I think the first place for me to start is an explanation of what bipolar disorder is and what it means for me as someone living with it. In my first post Living with bipolar disorder I mentioned that people find it hard to understand what bipolar if they haven’t experienced it themselves. So, for me I’d describe it is a mood disorder which effects my life through having periods of highly elevated episodes and periods of depressive lows. With both of these, I have little to no control over them as I’m very much a slave, like you’ve boarded the bipolar train which goes up and down and with no way to get off. I will explain my hypomania and depressive parts in more detail in later posts but here is the brief version of a very long subject:
For the purposes of this I am going to focus on type 1 and type 2 bipolar definitions. I am type 2.
For both types there are two distinct phases from highly energized and euphoric stages called mania and the lesser form hypomania, to depressive stages. These moods persist for the majority of the day and every day for a few days depending on the typical duration for each respective period. The main difference between type 1 and type 2 is that type 2 do not hit mania, we have hypomania and our periods do not often last as long as type 1’s; I’ve read that type 2’s last for 3-5 days (as mine do, sometimes a week) but type 1’s from week upwards.
For Type 2 sufferers these hypomanic events can be rewarding – you have feelings of elation and creativity and periods of joy, feel really good about yourself like your sexy, but there are down sides with excessive talking and obsessional behaviors and risky adventures – spending money or promiscuity. Type 1 sufferers have a much worser deal because all the above is intensified further. The behaviors and how they effect others are different between the two types, as type 1’s often need medical intervention as they are more disruptive to society/friends/family and themselves. Both also have grandiose ideals and can believe things that aren’t quite true – like one is a god! but again this is different with hypomania compared to mania. I once quit my job and refused to work my notice period because I felt I was better than others and had more important things to do.

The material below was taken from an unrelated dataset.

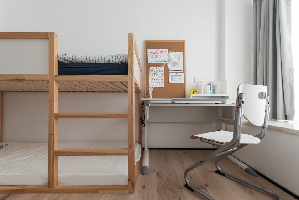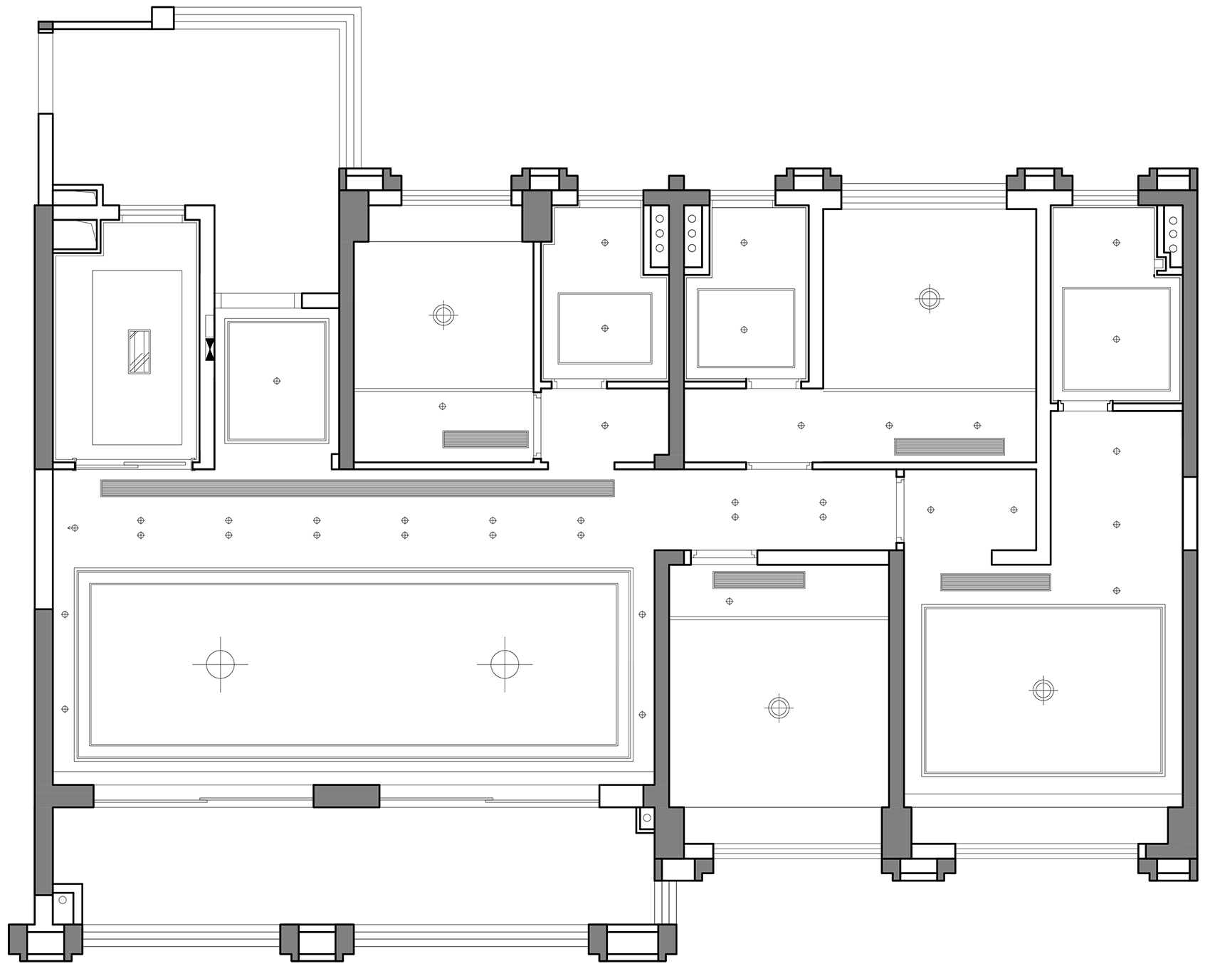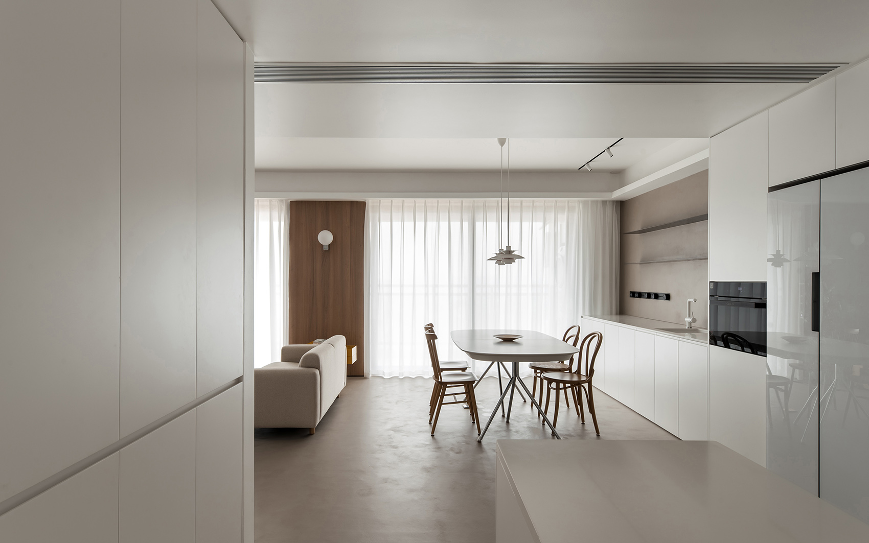 書房區(qū)域進(jìn)行了抬高,平常可做為書房使用,偶爾來客可以在地臺上鋪上軟墊,關(guān)上門拉上簾子,又是一個私密的空間,在這個空間中,整體上堅持“少即是多”的簡約

The fortunate part is that not every time I have an episode do I experience all the things in one go!
There is also another element of mania and hypomania and that comes in the baggage and that is when feeling happy and creative it’s often that you have fleeting ideas and thoughts enter your head quickly enhancing this productivity – everything you think and feel is amazing! You also need less sleep than normal, type 1 sufferers, I’ve read, can usually go without sleep for a few days, as can type 2 but for me a few hours sleep is fine. However, there is a flip side to this coin which is what both sides suffer with (or at least I definitely do) is that the insomnia and chaotic thoughts don’t let up and as the days go on, what was once a welcome idea and thoughts because so loud and and chaotic that a daydream becomes a nightmare that you can’t wake up from – it’s like trying to block a busted water main with just your hands.
The depressive periods, however, are the same for both type 1 and type 2 sufferers, but some arguments can be made for type 1 experiencing more suicidal idealizations while type 2 suffer more/longer periods of depression. It is for this reason that type 2 sufferers seek professional help for the depression side of equation but don’t seek it when they are elated. While type 1 sufferers often need medical intervention with the highs. With the depressive episodes, I can feel dispirited, dejected, disheartened and desolate. I’ve often planned my death a hundred different ways and relived them in my head, feeling them as if they have happened.
Sorry to end on such a downer, but I hope I have covered everything!